The obvious ones come easy. “I agreed to father her baby, and I did a bunch of tests so she wouldn’t have to worry about that baby.

” Then I think about it some more. “When she got Amir’s genetic tests back, I held her while she cried, and on the anniversary of her husband’s death, I went to the cemetery with her. ”

“If I told you that those would be things most people would consider as adding value to someone’s life—being that system of support—what would you say to that?”

I take a deep breath and then release it, really letting myself consider her words without getting defensive or looking for an alternate picture of things.

My fingers are gripping my knees hard. “I could see that.” My chin trembles, and I blink away tears.

“It’s just really important to me that I don’t make her life worse. ”

“I understand that,” Amber says, and her voice is gentle.

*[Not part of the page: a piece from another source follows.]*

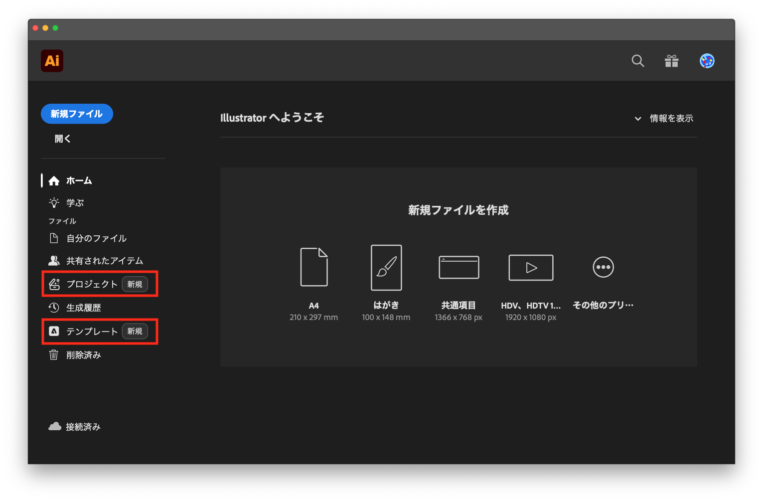 テンプレートはAdobe Expressのテンプレートを検索・編集できる機能ですが、Illustratorで直接扱うものではなく、選択するとWebブラウザが起動しExpress上で編集を行います。「Adobeアプリ×Express」の連携が、よりシームレスに進化しています

“Let’s explore that some more. Because, like we talked about before, how we frame our experiences makes a difference in how we respond to them, how we move forward from them.

Tell me about some of the other experiences you’ve had with Emily. ”

And so I do. I lay it all bare. Every joy and sorrow over the last two years, and I don’t sugarcoat what’s happened, but I also try not to downplay any of it either.

Maybe it’s possible that I can make Emily’s life easier in some ways and harder in others, and that eventually those two things do balance each other out.

That I don’t have to give the negative more value or weight, even if that’s what I’ve grown accustomed to doing.

The truth is, if I can find a path forward, one that takes me to her doorstep, I’ll put in the work to get there, carve the path from rock with my bare hands if I have to.

Because I know that if I step back through her door again, I have to be ready to handle it all. I can’t walk away a second time.